▶ _TASK ITEM_
Output the whole listing exactly, except for the pictures in it.

▶ _INPUT_

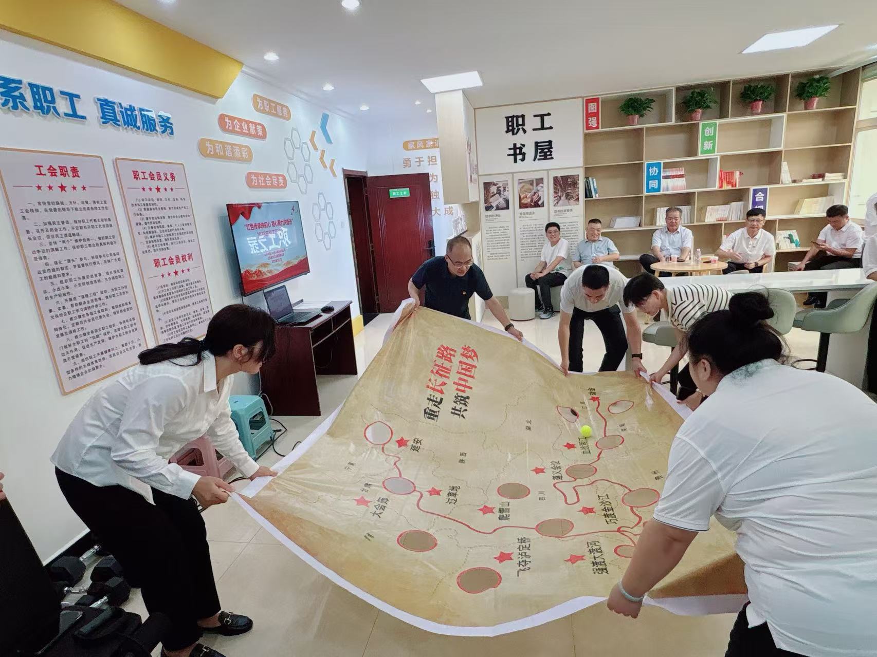 “踏寻长征印记,聚力闯关征途”环节以精心绘制的长征行军路线图为指引,带领职工“重走”长征路。各小组争分夺秒向“大会师”目标进发,每通过一个关卡都仿佛触摸到那段波澜壮阔的历史,在协作闯关的过程中,深刻感悟长征精神的伟大内涵。
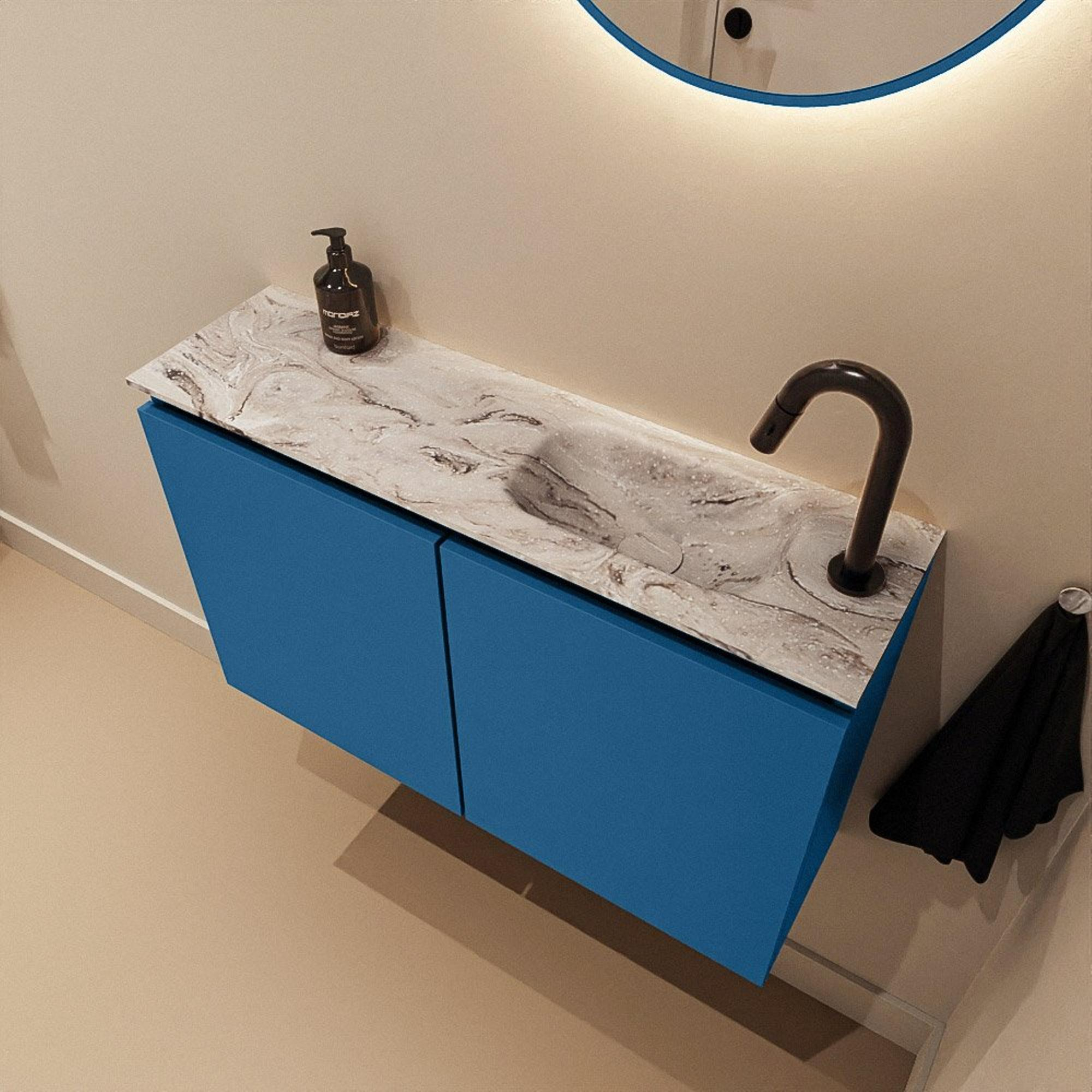 La couleur Jeans moderne du meuble donne immédiatement du caractère à vos toilettes : contemporaine, chaleureuse et un peu différente des teintes blanches ou bois standard. Combinée au plan de couleur marbre et au lavabo Glace, elle crée une allure luxueuse, presque digne d’un hôtel, qui s’intègre parfaitement dans les salles de bains modernes et design. Le jeu de lignes épuré et les façades sans poignées assurent un ensemble sobre, sans nuisance visuelle, donnant à la pièce une impression de grandeur et d’ordre. Cette combinaison se marie facilement avec des robinets et accessoires noirs, chromés ou en métal brossé, ce qui vous permet de créer aisément un style cohérent. Que vous souhaitiez un look minimaliste et scandinave ou au contraire une ambiance boutique chic, cette combinaison de couleurs vous offre une base solide.
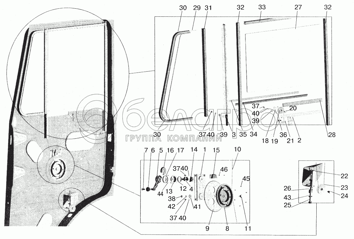 Каталог запасных частей к технике: МАЗ-6422. Установка стеклоподъемника и ручки стеклоподъемника
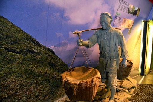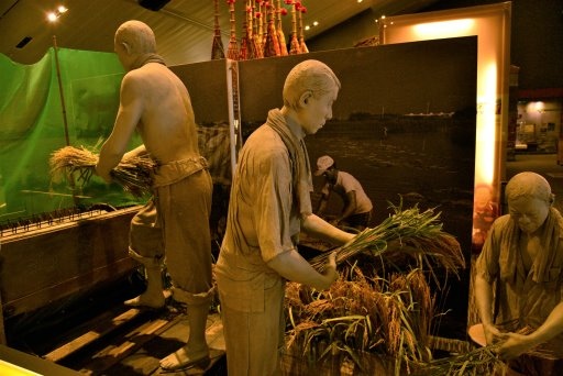 插秧塑像身上背著像龜殼的東西,我只知道老一輩人雨天會穿蓑衣。
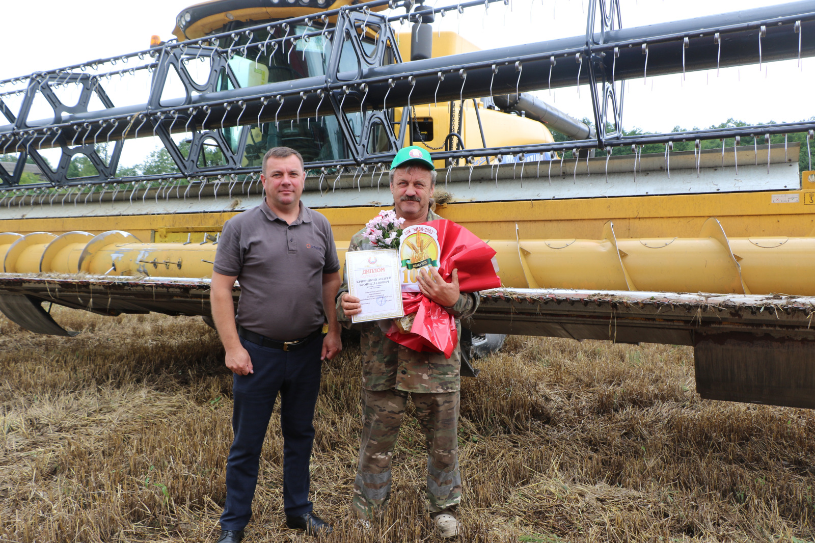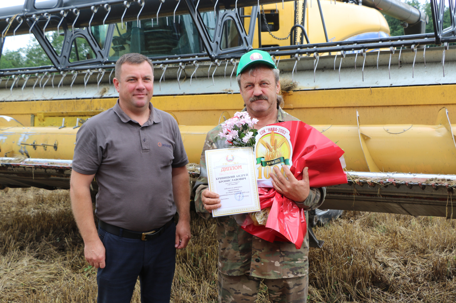 Поздравил Андрея Кривицкого с тем, что он стал победителем районного соревнования по уборке зерновых и зернобобовых культур урожая 2025 года председатель Гродненской районной организации Белорусского профсоюза работников АПК Александр Аутко. Вручил ему кепку, диплом и денежную премию.
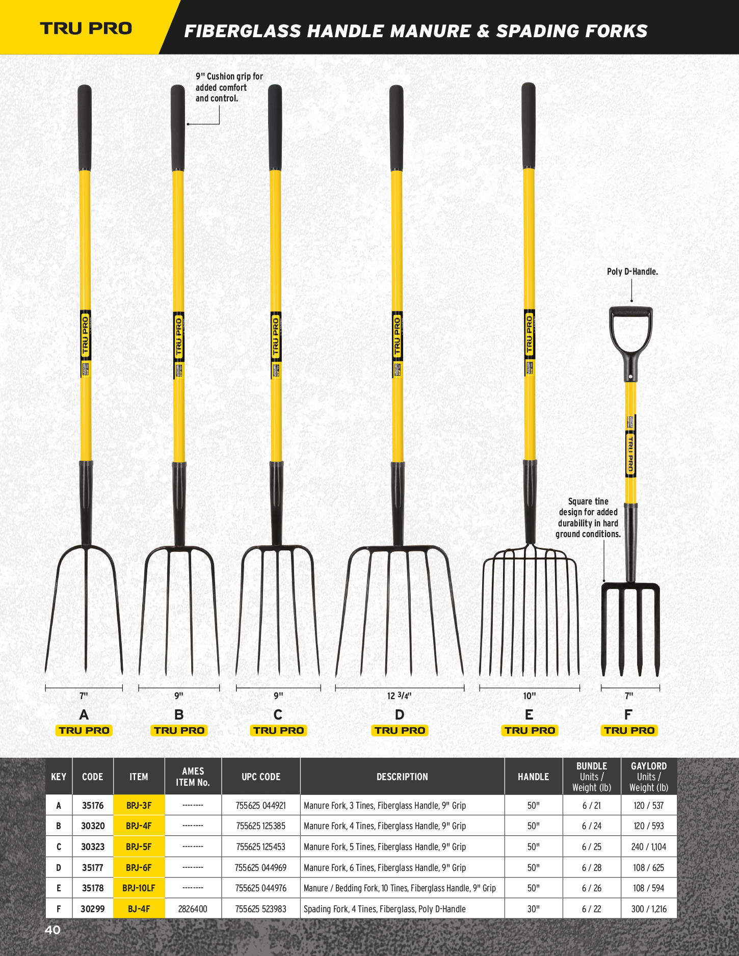 FIBERGLASS HANDLE MANURE & SPADING FORKS
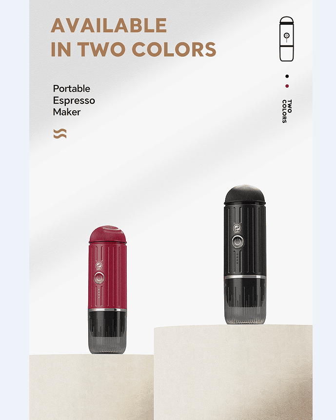 LIGHTWEIGHT AND CONVENIENT TO CARRY: Our rechargeable coffee machine body is made of aluminum alloy, it can be easily compatible with the cup holders of more A0-class cars on the market, so that you can enjoy coffee on the go, whether you are on a business trip, traveling or camping.
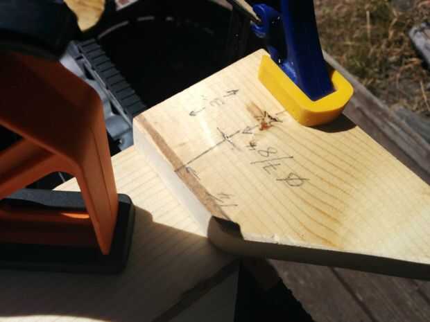 Sujete la pieza de trabajo firmemente en su lugar. Pino tiende a ser un poco en el lado splintery / splitty, siempre use un pedazo de chatarra para que lo apoyen durante la perforación o corte.
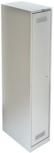 300х500х1750, корпус из крашенного металла, секций одна,одностворч., верх. и ниж. полка, крючки, замок, 0,28V, м3, Изговливаются из металла покрытый порошковой краской, толщина металла 0,5 мм. Сварная конструкция..
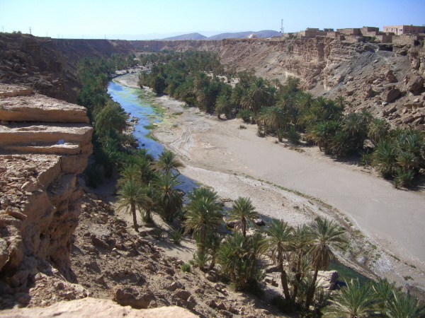 Bald schon ist Tissint erreicht und wir suchen in dem sonst ziemlich unauffälligen Ort nach den Kaskaden – in einer kleinen Seitenstraße werden wir fündig. Leider hat es schon länger nicht geregnet, was man den Kaskaden deutlich anmerkt: nur ein kleines Rinnsal plätschert vor sich hin und der Parkplatz lädt uns auch nicht zum Verweilen ein. So begnügen wir uns mit ein paart Fotos und fahren dann weiter

▶ _COMPLETED EXERCISE_
 “踏寻长征印记,聚力闯关征途”环节以精心绘制的长征行军路线图为指引,带领职工“重走”长征路。各小组争分夺秒向“大会师”目标进发,每通过一个关卡都仿佛触摸到那段波澜壮阔的历史,在协作闯关的过程中,深刻感悟长征精神的伟大内涵。
 La couleur Jeans moderne du meuble donne immédiatement du caractère à vos toilettes : contemporaine, chaleureuse et un peu différente des teintes blanches ou bois standard. Combinée au plan de couleur marbre et au lavabo Glace, elle crée une allure luxueuse, presque digne d’un hôtel, qui s’intègre parfaitement dans les salles de bains modernes et design. Le jeu de lignes épuré et les façades sans poignées assurent un ensemble sobre, sans nuisance visuelle, donnant à la pièce une impression de grandeur et d’ordre. Cette combinaison se marie facilement avec des robinets et accessoires noirs, chromés ou en métal brossé, ce qui vous permet de créer aisément un style cohérent. Que vous souhaitiez un look minimaliste et scandinave ou au contraire une ambiance boutique chic, cette combinaison de couleurs vous offre une base solide.
 Каталог запасных частей к технике: МАЗ-6422. Установка стеклоподъемника и ручки стеклоподъемника
 插秧塑像身上背著像龜殼的東西,我只知道老一輩人雨天會穿蓑衣。
 Поздравил Андрея Кривицкого с тем, что он стал победителем районного соревнования по уборке зерновых и зернобобовых культур урожая 2025 года председатель Гродненской районной организации Белорусского профсоюза работников АПК Александр Аутко. Вручил ему кепку, диплом и денежную премию.
 FIBERGLASS HANDLE MANURE & SPADING FORKS
 LIGHTWEIGHT AND CONVENIENT TO CARRY: Our rechargeable coffee machine body is made of aluminum alloy, it can be easily compatible with the cup holders of more A0-class cars on the market, so that you can enjoy coffee on the go, whether you are on a business trip, traveling or camping.
 Sujete la pieza de trabajo firmemente en su lugar. Pino tiende a ser un poco en el lado splintery / splitty, siempre use un pedazo de chatarra para que lo apoyen durante la perforación o corte.
 300х500х1750, корпус из крашенного металла, секций одна,одностворч., верх. и ниж. полка, крючки, замок, 0,28V, м3, Изговливаются из металла покрытый порошковой краской, толщина металла 0,5 мм. Сварная конструкция..
 Bald schon ist Tissint erreicht und wir suchen in dem sonst ziemlich unauffälligen Ort nach den Kaskaden – in einer kleinen Seitenstraße werden wir fündig. Leider hat es schon länger nicht geregnet, was man den Kaskaden deutlich anmerkt: nur ein kleines Rinnsal plätschert vor sich hin und der Parkplatz lädt uns auch nicht zum Verweilen ein. So begnügen wir uns mit ein paart Fotos und fahren dann weiter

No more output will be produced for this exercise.